A lot of Anti-Putinism on here. Let’s just state a few facts:

He expelled / took back from oligarchs (product of the 90s chaos) which allowed the state and the civilians to get their cut.
He had a more sovereign stance than Eltsin, which sold most of the country to the US and foreign companies and oligarchs. While still being close to the West. The majority of the Russian elites, including Putin, were pro-Western up until ~2010-2014. He was notably the first one to call Bush after 9/11.
He created many funds for the well being of the population. Mostly the Russian National Wealth Fund.
He solved the debt problem from 148% to 6% in only 8 years.
He reinstated Russia as a world power in 15 years. It went from a nation hardly able to get hold on its former / current territories and closest allies (Serbia) to a nation solving the crisis in Syria and expanding in Africa, South-East Asia and South America while being official my invited and not a force of occupation.
He solved MOST of the post soviet territorial disputes (with China, post-soviet states and pacified Abkhazia and South Ossetia)
He solved the Islamist problem in the Caucasus while also letting them have their strong faith.
He was at the peak of « an Europe from Lisbon to Vladivostok » with Chirac and Schroeder. The only time where an independent European continent had a voice in the World, notably against the war in Irak.
He stabilised the Ruble in 10 years. Though it is fluctuating, the RUB is one of the only money in the World indexed on something tangible and not a piece of paper (The energy).
He managed to strenghten exonomically the country and to solve many agricultural issues from 2014 to 2022. The resistance against the sanctions definitely shows that.
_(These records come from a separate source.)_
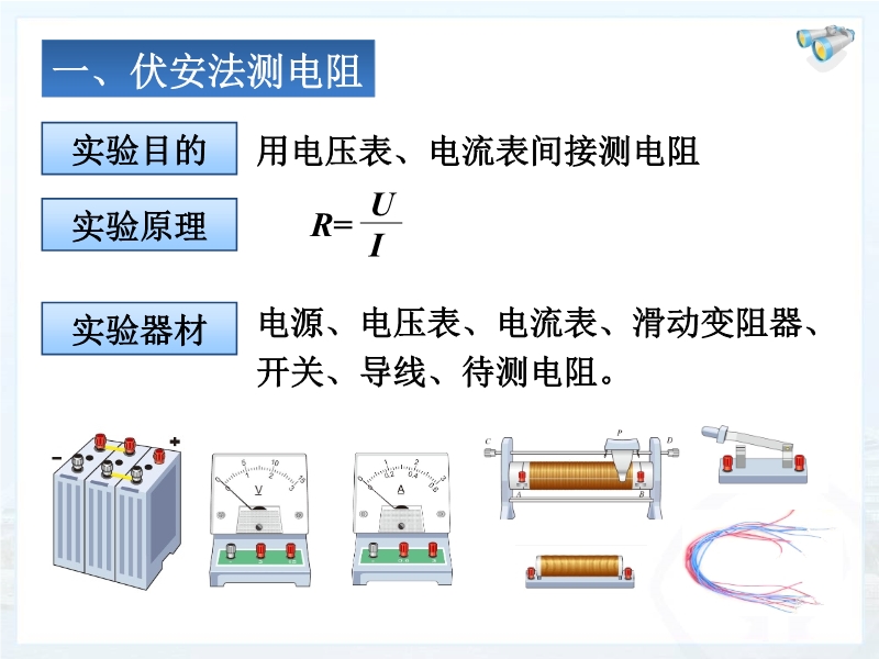 - 1666【教学课件】人教版九年级物理 第十七章 欧姆定律 第3节 电阻的测量 精品课件与配套教案
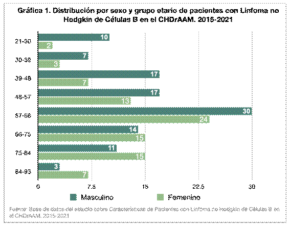 Fuente: Base de datos del estudio sobre características de paciente con linfoma no Hodgkin de células B en el CHDrAAM. 2015-2021 |
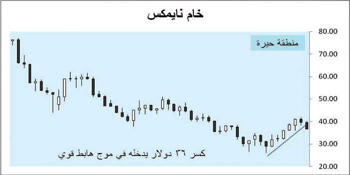 غادر خام نايمكس منطقة الأربعين دولارًا بعد ثلاثة أسابيع من الحيرة والتردد، وبعد تطابق سعري مع خام برنت الأكثر مبيعًا في العالم، لكن مع نهاية الأسبوع هبط بقوة بعد مخاوف من سياسات مرتقبة بشأن تجميد الإنتاج، وتزامن ذلك مع انخفاض في قيمة الدولار أمام سلة عملاته. ويرجح الأسبوع المقبل أن يكسر مستوى 36 دولارًا، ويدخل رسميًّا في موجة هبوط من المرجح أن تكون قوية، وخصوصًا مع انخفاض شهية المخاطرة في الأسواق.
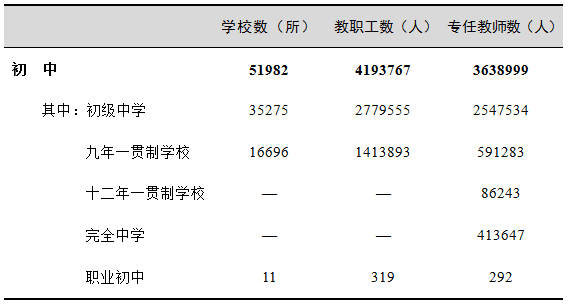 全國(guó)共有初中學(xué)校5.20萬(wàn)所(含職業(yè)初中11所),比上年增加88所,增長(zhǎng)0.17%。招生1602.59萬(wàn)人,比上年增加55.37萬(wàn)人,增長(zhǎng)3.58%;在校生4652.59萬(wàn)人,比上年增加210.52萬(wàn)人,增長(zhǎng)4.74%;畢業(yè)生1367.77萬(wàn)人,比上年減少29.70萬(wàn)人,下降2.13%。初中階段毛入學(xué)率[4]100.9%。
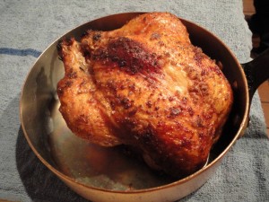 This recipe, which I developed for Le Pichet in 2000, is designed to produce a perfectly roasted, crispy skinned chicken in just under 1 hour.  Since the recipe is so simple with almost no added flavors to hide the great taste of the chicken, choose the best quality bird you can get your hands on.  Note that the high roasting temperature can result in a fair amount of smoke.  If you don’t have a hood or fan in your kitchen, this can be a problem.  I use grey salt or sel gris from Brittany for this recipe.

Saying « The mafia has become the state » is the very first stage of online intoxication of anti-Putinism and I encourage everyone saying that to compare this statement to every « democratic » government in the West.

Posted by: Educational Beluga | Aug 20 2023 6:30 utc | 251

Unfortunately, Luna 25 failed disastrously

🔴 On August 19, in accordance with the flight program of the Luna-25 spacecraft, an impulse was provided for the formation of its pre-landing elliptical orbit.
At about 14:57 Moscow time, communication with the Luna-25 spacecraft was interrupted.
The measures taken on August 19 and 20 to search for the device and get into contact with it did not produce any results.
According to the results of a preliminary analysis, due to the deviation of the actual parameters of the impulse from the calculated ones, the device switched to an off-design orbit and ceased to exist as a result of a collision with the lunar surface.
A specially formed interdepartmental commission will deal with the issues of clarifying the reasons for the loss of the Moon.

https://t.me/roscosmos_gk/10540
Let us hope the Indian Chandrayaan-3 is more successful

Posted by: Norwegian | Aug 20 2023 9:35 utc | 252

The mission was a simple propaganda attempt, not a prepared mission with any scientific use. Is was as well prepared and as successful as their smo. They can only build slingshot toy drones and expect to go back to the moon? Not going to happen at this level of degradation.

Posted by: rk | Aug 20 2023 9:57 utc | 253

re: Firefox & censorhip?
I am everything but tech-savvy – it appears that after the latest Firefox upate when I open one of the “bad” sites, like Scheer or antiwar (has not happened to MoA yet) sometimes the new tab fails to open and Firefox states “tab couldn´t open due to malfunction”. This is strange since it only happens with sites which I assume on some secret blacklist. And it never happened in recent months and years. So this must be a new “cool” feature.
Or am I crazy?

Posted by: AG | Aug 20 2023 12:41 utc | 254

Michael Jabara Carley has just published a new book with University of Toronto Press on the origins of WWII.